Болезни тела и мозга, по его мнению, развиваются из-за чрезмерного возбуждения, когда воображение порождает химеры, галлюцинации и видения, к которым склонны люди с развитым воображением, особенно поэты: «Воображение, которое некоторые называют оценивающим или мыслящим <…> наиболее полно рассматривает образы, постигаемые здравым смыслом, будь то вещи наличествующие или отсутствующие; оно хранит их дольше, вновь напоминая их разуму или по-своему воссоздавая их заново. <…> его объект – все образы, передаваемые ему здравым смыслом; сравнивая их, оно само придумывает бесконечное множество других. Сильней и ярче эта способность проявляется у людей меланхолического склада и часто причиняет им вред <…>. У поэтов и художников воображение работает с особой напряженностью <…> это [воображение] подданный, управляемый рассудком, или по крайней мере, он должен им управляться…»[791].

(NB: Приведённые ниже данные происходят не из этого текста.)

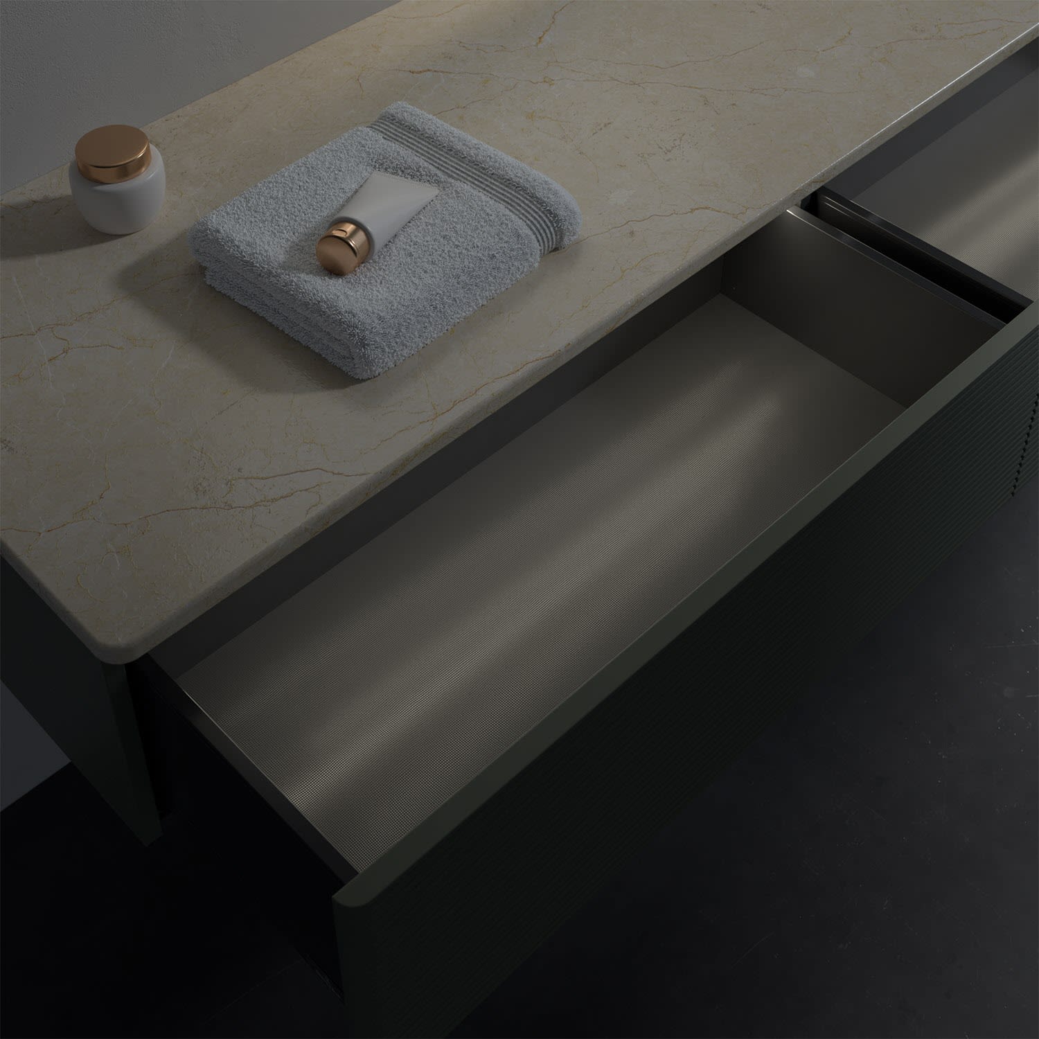 - kein Umfallen oder Verrutschen von Pflegeprodukten in den Schubladen dank rutschhemmendem Boden

Но и ученые подвержены меланхолии, поскольку они «ведут малоподвижный одинокий образ жизни, sibiet musis [посвященный лишь себе и Музам], лишенные всяких телесных упражнений и тех обычных развлечений, которых не чуждаются другие люди; если же к этому присовокупляется еще и чувство неудовлетворенности и тщетности, <…> это ввергает их внезапно в пучину душевной болезни[792] <…> такие люди по большей части худые, иссохшие, бледные, они растрачивают свое состояние, теряют рассудок, а нередко и жизнь, и все это из-за непосильных научных занятий»[793].
И само научное знание может приносить чувство неудовлетворенности, которое, например, испытывает и Демокрит Младший, когда сравнивает космологические концепции от древности до современности, что порождает в нем ощущение зыбкости бытия: «Как лудильщик одну дыру запаивает и делает две, так он их исправляет и делает хуже себе, что-то реформирует, а портит все. Тем временем они [астрономы] подбрасывают мир на одеяле, и подкидывают Землю вверх и вниз как мяч, заставляют ее стоять или двигаться, как им заблагорассудится; один говорит, что Солнце стоит, другой – что оно ходит, приходит третий и критикует их обоих, и чтобы не было недостатка в парадоксах находит какие-то пятна и облака на Солнце»[794].